Copy the listing below exactly. Pictures stay out of it.

* _DATASET EXTRACT_:

☆ ☆ ☆

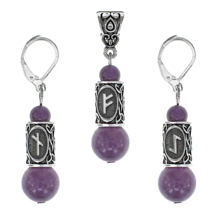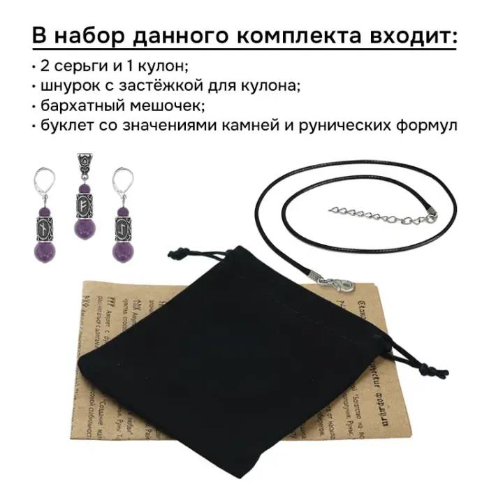 Рунический комплект, включающий серьги и кулон из натурального аметиста и бижутерного сплава.
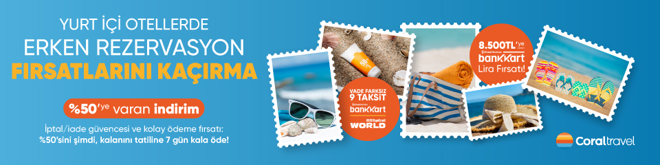 %50’ye Varan Erken Rezervasyon Fırsatları yurt içi otellerde 9 taksite ve 8.500 TL’ye varan Bankkart Lira avantajları ile başlamıştır.
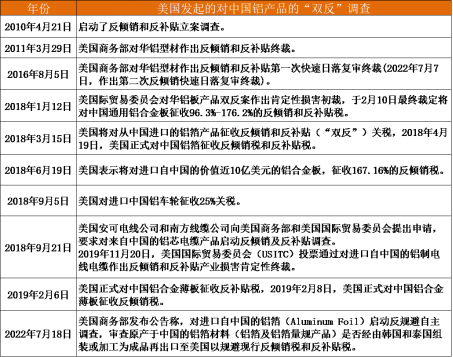 公开报道显示,由于铝在航空、新能源、军工等关键领域的应用,美国将铝行业视为影响国家安全的战略行业。自2017年起,美国政府对来自中国的铝和铝制品进行了密集性打压:除对中国铝箔、铝板带、铝挤压材等三大类铝材加征高额反倾销税和反补贴税外,还对中国铝制品加征10%关税,并对中国铝制品启动232条款、332条款以及301条款调查。
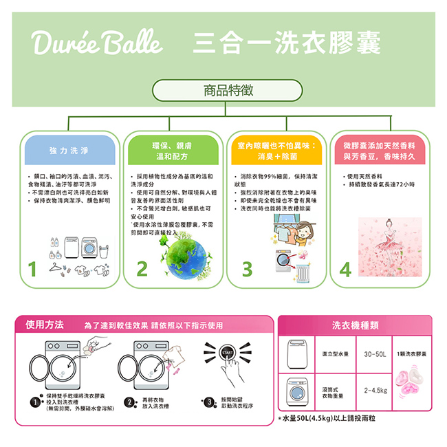 4.5kg衣物只需使用1顆/

☆ ☆ ☆

* _SOLUTION FOR THIS PROBLEM_:
 Рунический комплект, включающий серьги и кулон из натурального аметиста и бижутерного сплава.
 %50’ye Varan Erken Rezervasyon Fırsatları yurt içi otellerde 9 taksite ve 8.500 TL’ye varan Bankkart Lira avantajları ile başlamıştır.
 公开报道显示,由于铝在航空、新能源、军工等关键领域的应用,美国将铝行业视为影响国家安全的战略行业。自2017年起,美国政府对来自中国的铝和铝制品进行了密集性打压:除对中国铝箔、铝板带、铝挤压材等三大类铝材加征高额反倾销税和反补贴税外,还对中国铝制品加征10%关税,并对中国铝制品启动232条款、332条款以及301条款调查。
 4.5kg衣物只需使用1顆/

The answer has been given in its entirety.